GOLD SEEN PLATEAUING
Longer term, ongoing jitters over growth and expectations interest rates will stay low for now are buoying analysts’ expectations for gold, with a Reuters poll of 65 analysts on Tuesday returning an average 2011 price view of $1,450 an ounce.
However, they see prices plateauing next year as economic conditions normalise.
“We expect gold prices to continue to climb in 2011 as the resumption of quantitative easing should keep U.S. real interest rates low,” Goldman Sachs said in a report.
“However, with the current round of QE set to end in June 2011, and our U.S. economics team now forecasting strong U.S. economic growth in 2011 and 2012, we expect U.S. real interest rates to begin to rise into 2012, likely causing gold prices to peak in 2012.”
Sterling-priced gold bucked the trend, meanwhile, and was on course to rise after nine consecutive sessions of losses as the pound fell after poor UK GDP data diminished expectations that British authorities would move towards higher interest rates.
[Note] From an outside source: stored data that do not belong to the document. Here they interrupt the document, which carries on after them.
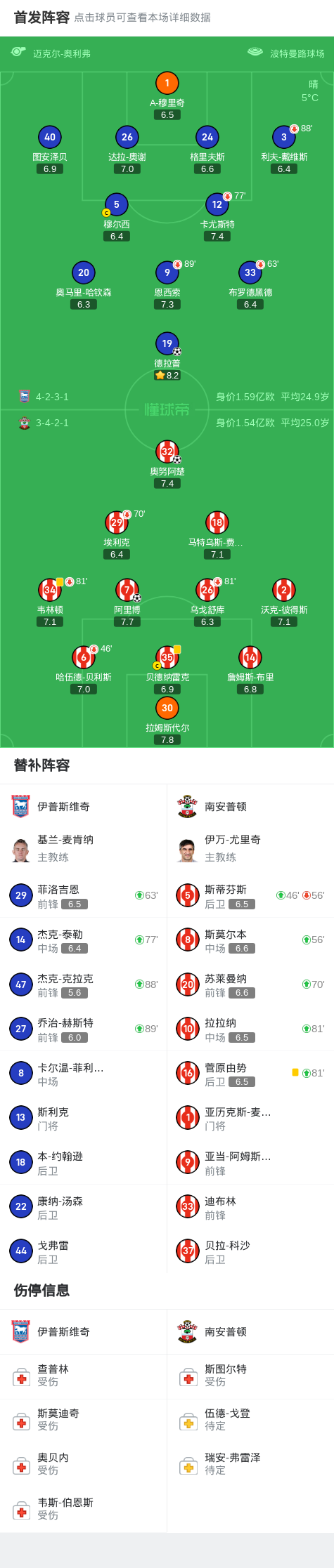 第30分钟,扳平比分,德拉普单刀推射破门,伊普斯维奇1-1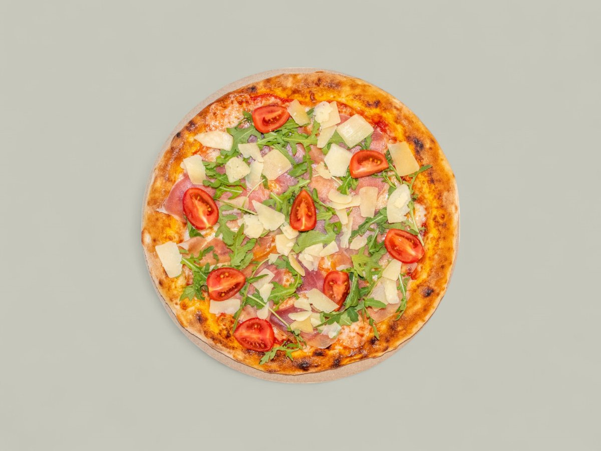 доматен сос, моцарела, прошуто крудо, рукола, чери домати, Пармезан 30см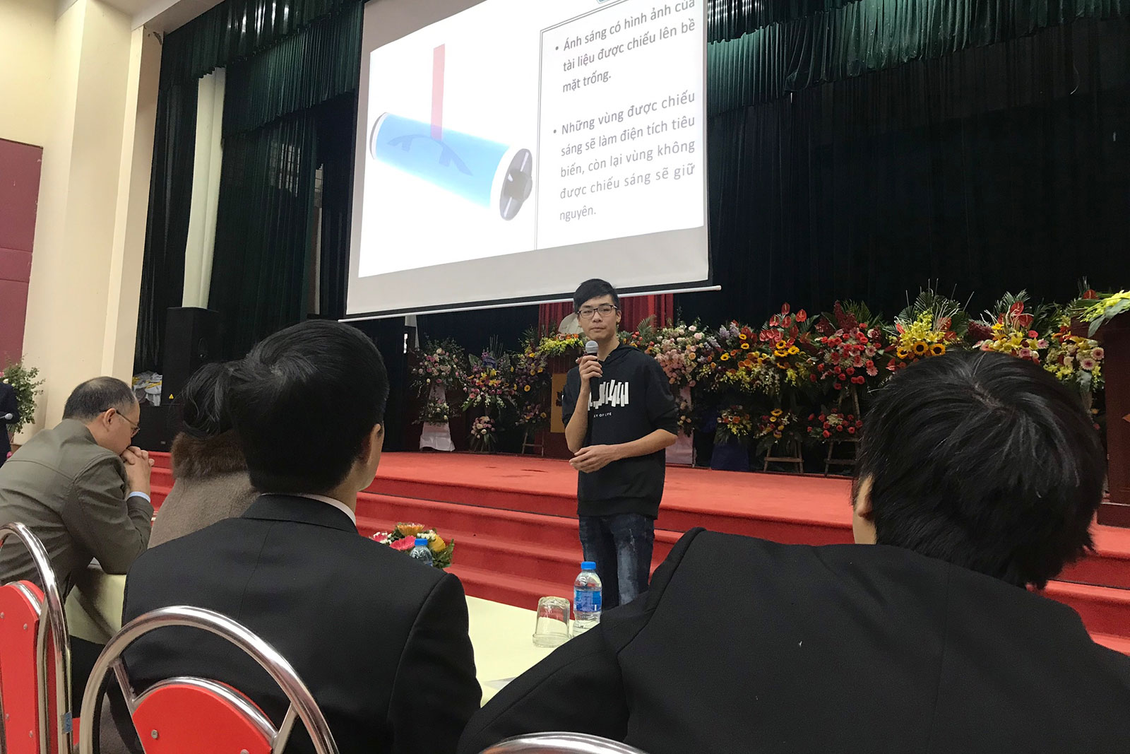 Sinh viên lớp 70DCTT23 thuyết trình về ứng dụng của hiện tượng tĩnh điện trong máy Photocopy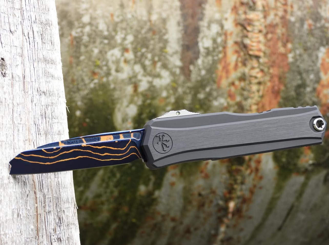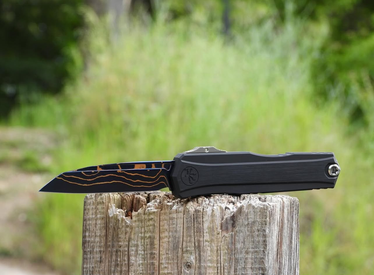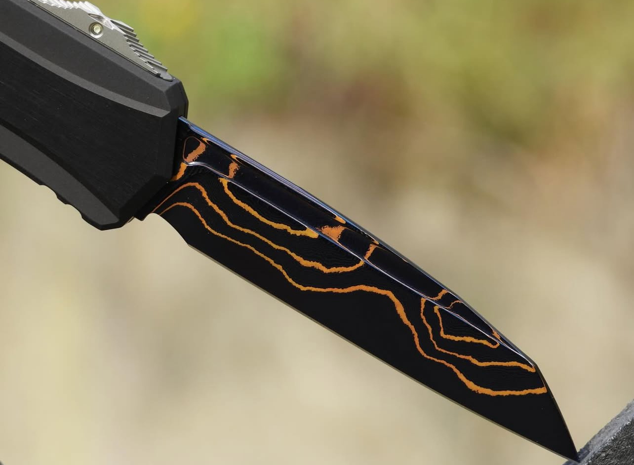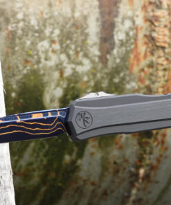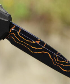 The Microtech/Marfione Cypher II OTF Automatic Knife with a 3.5” Wharncliffe blade in Blued Baker Forge Copper Mai Damascus is a premium out-the-front (OTF) automatic knife that combines advanced engineering with aesthetic elegance. Designed for collectors and enthusiasts, this knife offers both functionality and artistry.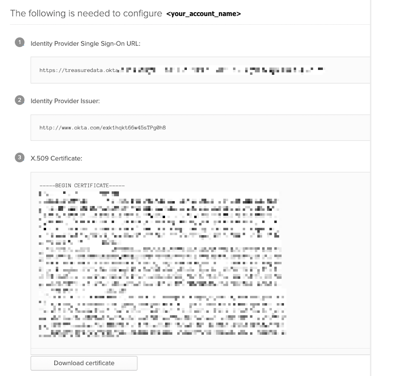 urn:treasuredata:sso:<SITE>:<ACCOUNT_NAME> as your Audience URI (SP Entity ID).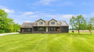 Open house Sunday 2-4pm, June 6th. Full cut log home w/exposed wood logs and beams throughout home w/four huge bedrooms, all vaulted with exposed beam ceilings and skylights. Also, bonus room finished over garage could be 5th bedroom. Huge 5-acre lot with area to fence for pasture,, build a pole barn or just let grow. Very private. Property goes all the way back to the corn field...5 beautiful country acres. Full basement w/cellar door exterior entry, side load 2 car garage, front and rear covered porches, Traditional floor plan w/large living room, office/den, huge family room, formal dining area, large country kitchen loaded with cabinets & stainless steel appliances. 6 panel wood doors, water filtration system. Owner has done many updates, solar panels 2015 too! Come see today!'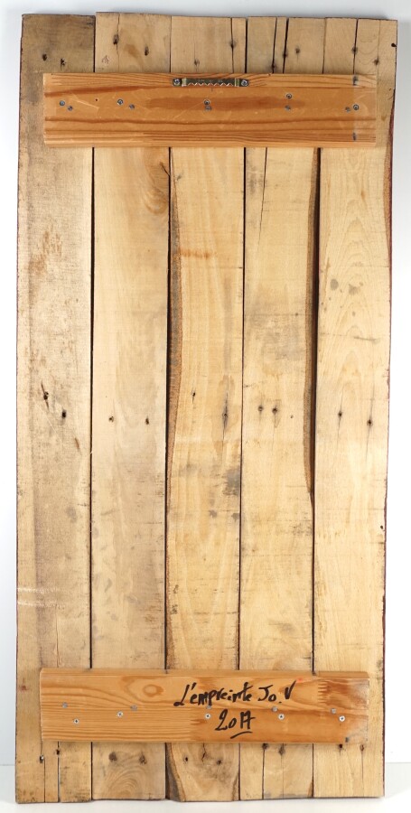 L'EMPREINTE JO V (1970), "Frida Colors", aérosol, acrylique sur lattes de palette de bois assemblées, signée en bas à droite, 81 x 38 cm.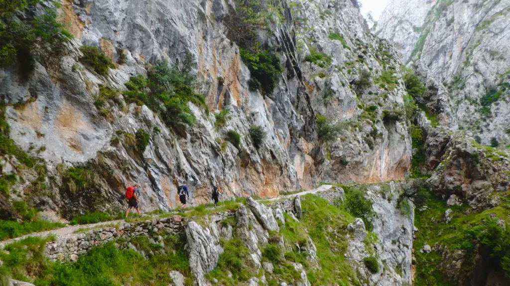 <Am nächsten Morgen schultern wir wieder unsere Rucksäcke und nehmen erneut die Seilbahn. Dieses Mal geht es bergauf und wir starten unsere heutige Trekkingetappe. Wir tauchen tiefer in das imposante Kalkstein-Massiv ein und folgen dem schmalen Pfad, welcher uns auf gerölligem Untergrund in Serpentinen hinauf zum Pass Collada de la Canalona führt. Hier haben wir die Möglichkeit eine Rast einzulegen und die beeindruckende Aussicht auf das Zentral- und Ostgebirge der Picos zu genießen. Wer möchte, kann noch bis zum nahegelegenen Gipfel des Peña Vieja (2.613 m) aufsteigen. Anschließend wandern wir an einem Geröllhang am Rande einer großen Doline, einer trichterförmigen Senke im Karstgestein, allmählich abwärts in Richtung des Naranjo de Bulnes. Am Fuße des markanten Felsenturms kehren wir in der Vega de Uriellu-Hütte ein und freuen uns auf den Sonnenuntergang - hoffentlich über den Wolken. -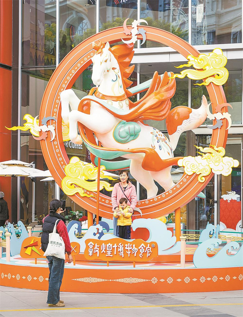 2月8日,游客在4米高的巨型“敦煌翼马”艺术装置前拍照留念。节日期间,敦煌博物馆“天马献瑞”华南首展落地厦门大悦城。林旭东 摄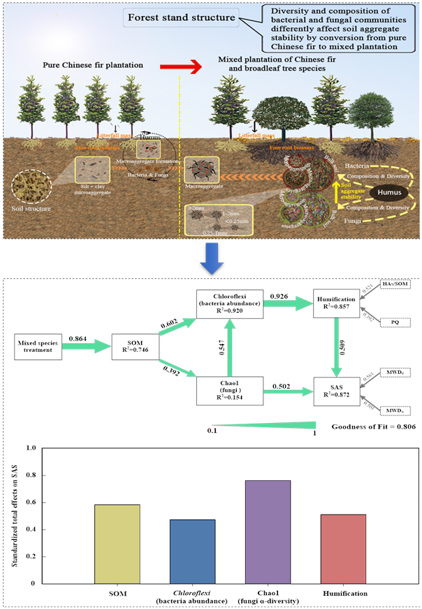 图1杉木人工纯林向复层异龄混交林转变通过调节微生物群落结构促进土壤团聚体稳定性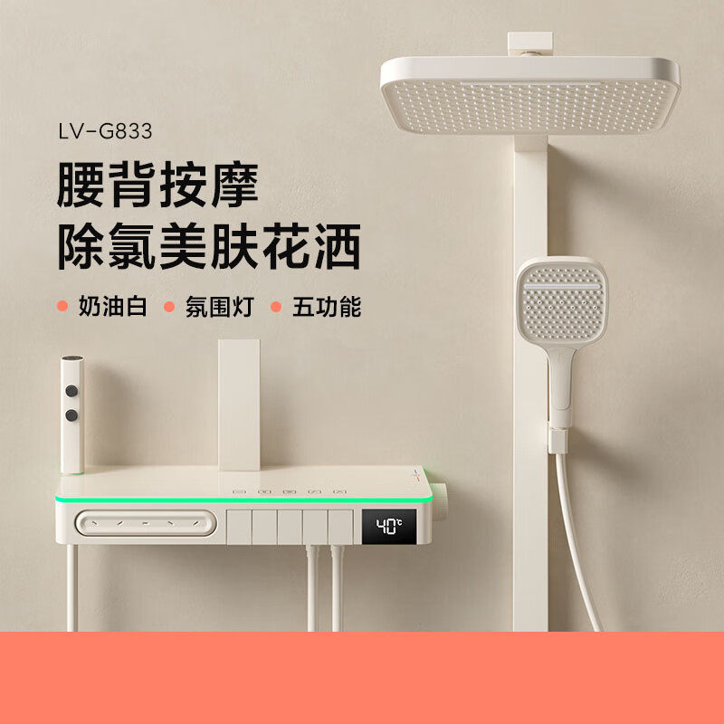 汉斯hansiminghe奶油白色恒温智能数显淋浴腰喷全铜花洒套装增压

Sterling gold was up 0.6 percent at 839.10 pounds an ounce. Spot silver fell to $26.74 an ounce, down 0.6 percent, having earlier fallen to $26.54, its lowest in nearly two months.
ETF flows have also undermined silver. Holdings of metal in the iShares Silver Trust , the world’s largest silver ETF, have fallen by 425.3 so far this month, worth about $364 million at today’s prices.
ETF Securities’ London-listed silver product has seen an outflow of well over 500,000 ounces in less than week.
Elsewhere platinum fell for a second day by 1.1 percent to $1,791.49 an ounce, while palladium fell 3.4 percent to $782, set for its biggest fall since mid-November.